Cosmogenic Neutrinos: parameter space and detectabilty from PeV to ZeV
Kumiko Kotera, Denis Allard, Angela V. Olinto

TL;DR
This paper explores the expected flux of cosmogenic neutrinos across a wide energy range, analyzing how different cosmic ray source models and compositions influence their detectability with current and future observatories.
Contribution
It provides a comprehensive parameter space analysis of cosmogenic neutrino fluxes considering recent cosmic ray data, source evolution, and composition models, and discusses implications for detection.
Findings
Detectable neutrino rates in the next decade with IceCube and Pierre Auger Observatory.

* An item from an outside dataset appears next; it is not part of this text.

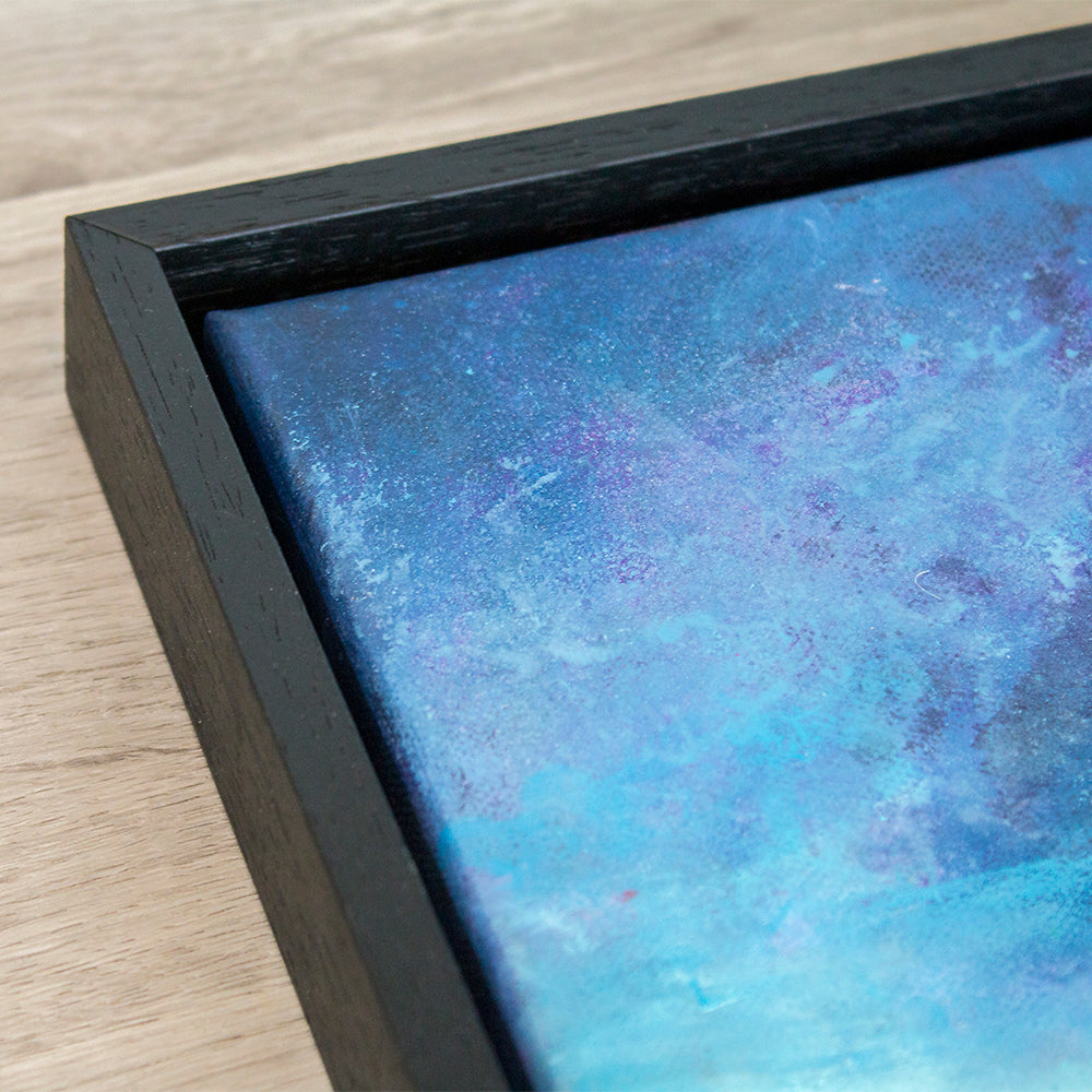 - Framed in a high quality black wooden floater frame.
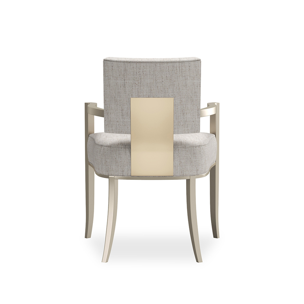 Его уникальность подчеркивает широкая золотая панель Whisper of Gold, сияющая на спинке и придающая выразительный акцент. Нейтральная обивка мягко охватывает квадратную верхнюю часть спинки и подушку сиденья, создавая гармоничный и сбалансированный образ.

Flux variability in the EeV range is low, aiding model discrimination.
ZeV neutrino observatories can constrain maximum cosmic ray acceleration energies.
Abstract
While propagating from their source to the observer, ultrahigh energy cosmic rays interact with cosmological photon backgrounds and generate to the so-called "cosmogenic neutrinos". Here we study the parameter space of the cosmogenic neutrino flux given recent cosmic ray data and updates on plausible source evolution models. The shape and normalization of the cosmogenic neutrino flux are very sensitive to some of the current unknowns of ultrahigh energy cosmic ray sources and composition. We investigate various chemical compositions and maximum proton acceleration energies E_p,max which are allowed by current observations. We consider different models of source evolution in redshift and three possible scenarios for the Galactic to extragalactic transition. We summarize the parameter space for cosmogenic neutrinos into three regions: an optimistic scenario that is currently being…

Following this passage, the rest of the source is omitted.